Problem details: Starting at the first line of the data, please print exactly those lines through the one that holds "وقرأ ابن كثير", omitting every picture.

The data:
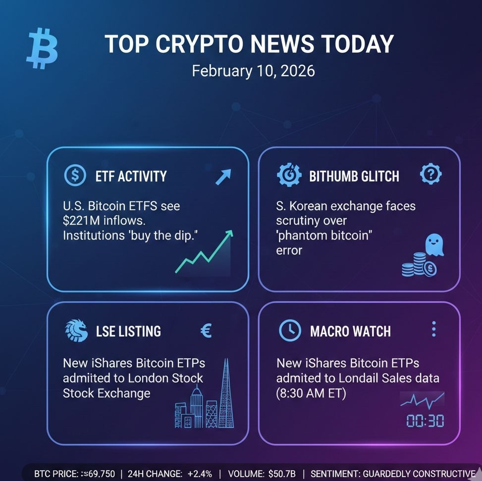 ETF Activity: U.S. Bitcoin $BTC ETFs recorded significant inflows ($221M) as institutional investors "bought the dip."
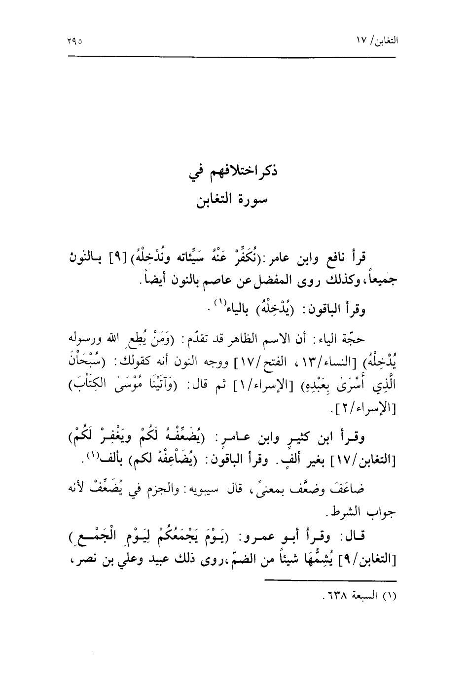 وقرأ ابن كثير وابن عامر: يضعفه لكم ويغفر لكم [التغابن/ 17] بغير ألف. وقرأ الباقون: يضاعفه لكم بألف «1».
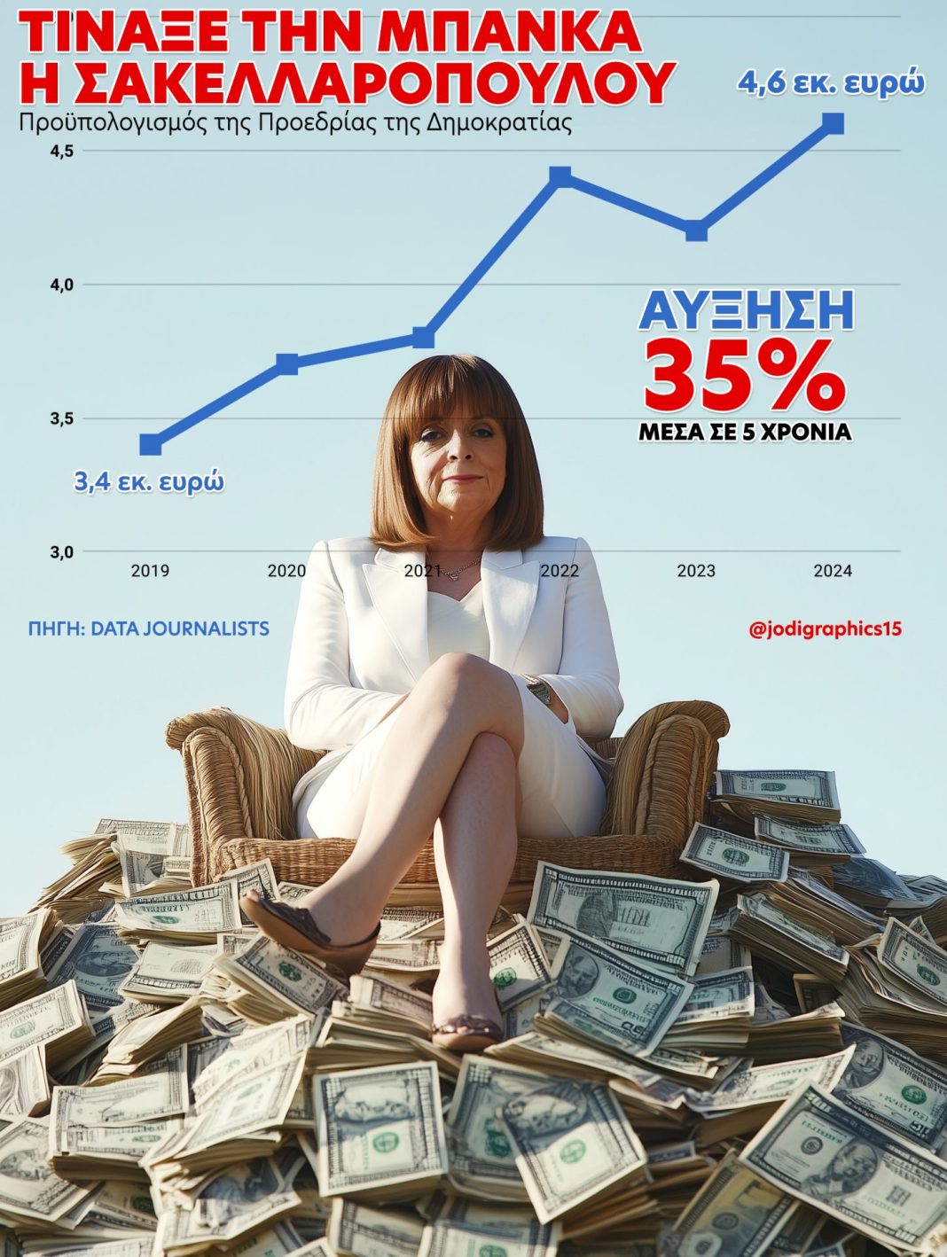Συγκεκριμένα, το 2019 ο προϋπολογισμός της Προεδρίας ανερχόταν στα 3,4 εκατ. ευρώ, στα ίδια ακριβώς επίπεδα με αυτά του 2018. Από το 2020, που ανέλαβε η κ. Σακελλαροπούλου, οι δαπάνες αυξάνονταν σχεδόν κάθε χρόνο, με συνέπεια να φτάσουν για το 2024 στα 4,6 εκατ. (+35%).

Output of the exercise:
 ETF Activity: U.S. Bitcoin $BTC ETFs recorded significant inflows ($221M) as institutional investors "bought the dip."
 وقرأ ابن كثير وابن عامر: يضعفه لكم ويغفر لكم [التغابن/ 17] بغير ألف. وقرأ الباقون: يضاعفه لكم بألف «1».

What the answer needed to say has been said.